History of Compassionate Care

St. Elizabeth College of Nursing Celebrates its 100th Anniversary  Utica –– St. Elizabeth College of Nursing will celebrate a century of nursing excellence in May. Since 1904 the college, conducted by the Sisters of St. Francis, has offered students a unique program, centered in extensive clinical experience and care for the entire person.  “We take great pride in assisting our students to be successful and educated nurses,” said Marianne Monahan, dean of the College of Nursing. “We also provide them with a good ethical background that makes them always want to do the right thing for the patient.” The college accepts about 100 students each year, Monahan said. “There is a faculty-to-student ratio of 1:8,” she noted. “We are a smaller school, but our students are seen as individuals.” The first class of seven women graduated in 1907. Since that time the college has graduated approximately 3,000 men and women who are academically and clinically competent to meet the challenging health needs of the community.

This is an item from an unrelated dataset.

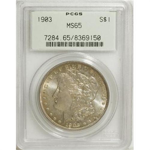 <!-- BEGIN: ICOLLECTOR - EBAY LOT HTML CODE --><style type='text/css'> #icoll_images_thumbnails, #icoll_images_mainimage, #icoll_otherlots { display: none; } div { font-family: arial, verdana, helvetica; } img { border: none; } .icoll_heading_title { background-color: #EFEFFF; color: #000; font-family: arial, verdana, helvetica; font-size: 12pt; font-style: normal; font-weight: bold; } </style><style type='text/css'>@import url(http://www.icollector.com/css/ebay/ebaylot_20070703.css);</style><script language='javascript' type='text/javascript'>function icollfunc_getelement(element_id) { var tmpelement = null; if(document.getElementById) tmpelement = document.getElementById(element_id); if(tmpelement == null) tmpelement = document[element_id]; return tmpelement; }var icollvar_mainpic = null; function icollfunc_initimages() { icollfunc_getelement('mainPicture').style.display = 'none'; icollvar_mainpic = icollfunc_getelement('icoll_images_mainimage'); var body_onload = document.body.attributes['onload']; document.body.setAttribute('onload', (body_onload ? body_onload.nodeValue : '') + 'icollfunc_fixoperaimgbug();'); }function icollfunc_changeimage(imgurl) { if(icollvar_mainpic != null) icollvar_mainpic.src = imgurl; }function icollfunc_fixoperaimgbug() { if(window.opera) { var imgobjs = icollfunc_getelement('icoll_images_thumbnails').getElementsByTagName('img'); for(var i=0; i<imgobjs.length; i++) { var w = imgobjs[i].clientWidth; if(w > 0) imgobjs[i].style.width = w + 'px'; } } }</script><script language='javascript' type='text/javascript'> var useragent = escape(navigator.userAgent); var appname = escape(navigator.appName); var dateobj = new Date(); var datetime = escape(dateobj.getFullYear()+'-'+(dateobj.getMonth()+1)+'-'+dateobj.getDate()+' '+dateobj.getHours()+':'+dateobj.getMinutes()); var referrer = ''; if(document.referrer && document.referrer != null) referrer = escape(document.referrer); new Image().src = 'http://www.icollector.com/stats/ebaylot.ashx?id=7140417&ua='+useragent+'&an='+appname+'&dt='+datetime+'&tz='+dateobj.getTimezoneOffset()+'&re='+referrer;</script><div id='icoll_images'><div id='icoll_images_prev'><a href='http://cgi.liveauctions.ebay.com/ws/eBayISAPI.dll?ViewItem&item=170135058981'><img src='http://www.ha.com/common/proxyImage.php?ebay=445-90005-1-75' alt='' /><img src='http://icollector.com/graphics/ebay_leftarrow.gif' alt='' class='arrow' /></a><div id='icoll_images_prev_info'>Prev Lot</div></div><div id='icoll_images_next'><a href='http://cgi.liveauctions.ebay.com/ws/eBayISAPI.dll?ViewItem&item=170135058994'><img src='http://www.ha.com/common/proxyImage.php?ebay=445-154066-1-75' alt='' /><img src='http://icollector.com/graphics/ebay_rightarrow.gif' alt='' class='arrow' /></a><div id='icoll_images_next_info'>Next Lot</div></div><div id='icoll_images_thumbnails'><a href='http://www.ha.com/common/proxyImage.php?ebay=445-148002-1-75' target='_blank' onmouseover="icollfunc_changeimage('http://www.ha.com/common/proxyImage.php?ebay=445-148002-1-75');"><img src='http://www.ha.com/common/proxyImage.php?ebay=445-148002-1-75' alt='' /></a><a href='http://www.ha.com/common/proxyImage.php?ebay=445-148002-2-75' target='_blank' onmouseover="icollfunc_changeimage('http://www.ha.com/common/proxyImage.php?ebay=445-148002-2-75');"><img src='http://www.ha.com/common/proxyImage.php?ebay=445-148002-2-75' alt='' /></a><div id='icoll_images_thumbnails_info'>Hover thumbnail to view large image below. Click thumbnail to view full image in new window.</div></div><div id='icoll_images_mainimage_container'><img id='icoll_images_mainimage' alt='' src='http://www.ha.com/common/proxyImage.php?ebay=445-148002-1-75'></div></div><script language='javascript' type='text/javascript'>icollfunc_initimages();</script><div id='icoll_description'><B>1903 $1 MS65 PCGS.</B></I> PCGS Population (2339/759). NGC Census: (1891/520). Mintage: 4,652,755. Numismedia Wsl. Price for NGC/PCGS coin in MS65: $228. (#7284)<BR><BR><B>Coin Engraver:</B> George T. Morgan<BR><BR><b>Shipping:</b> Coins & Currency (<a target="_blank" href="http://www.heritageauctions.com/common/shipping.php">view shipping information</a>\)</div><div id='icoll_notices'><div class='icoll_heading_left'></div><div class='icoll_heading'><div class='icoll_heading_title'>Notices</div></div><div class='icoll_heading_right'></div><div id='icoll_notices_info'><B>Important notice:</B> Heritage usually auctions material at the rate of 200-250 lots per hour. On some occasions eBay Live bid software or the Internet may not be able to keep up with the pace of the auction. We recommend placing a realistic absentee bid now as insurance to avoid disappointment. Occasionally the auctioneer may eliminate or reject an eBay Live bid, and the auctioneer may also reopen a lot after the close of the eBay live bidding (usually because we missed an audience bid), and may reject your bid even if it shows you as the winning bidder. By bidding via eBay Live, you agree that Heritage may award the lot to another bidder at its sole discretion under the circumstances described above or any other reasonable circumstances. Since eBay bids are not shown to us until we open the lot on the floor, we treat those bids just like floor bids. In most cases the floor responds before the eBay bid is presented to us, due to Internet lag time, so for consistency we have made it a policy that floor bids are always considered first over tie eBay live bids. Also please note that all Heritage lots purchased through eBay Live carry a 20% Buyer's Premium with a $9 minimum Buyer's Premium. Please make sure you read the Terms and Conditions before you bid. This lot is being auctioned in conjunction with a live floor auction by Heritage Auctions. All final auction and invoice information will be supplied by Heritage Auctions, and all other information should be considered preliminary. <BR><BR><B>Winning Notification and Billing:</B> After the FINAL session in this auction is complete, Heritage

The college, which is part of St. Elizabeth Medical Center, offers a weekday and evening/weekend format for its Associate Degree Nursing Program. The latter format is designed to meet the needs of the adult learner who is unable to attend classes during the weekday hours. The college was the first in the state to offer this alternative schedule. St. Elizabeth College of Nursing prides itself on the strong clinical component of its program. “Our students are getting hands-on experience from the first semester with a qualified faculty,” said Monahan. “This experience is invaluable. They need to be safe and educated and know what they are doing.” Students complete a program encompassing clinical experience in a variety of settings, the primary of which is St. Elizabeth Medical Center. Other facilities utilized include Faxton-St. Luke’s Healthcare in Utica, University Hospital at SUNY Health Science Center in Syracuse, Rome Memorial Hospital and other community agencies.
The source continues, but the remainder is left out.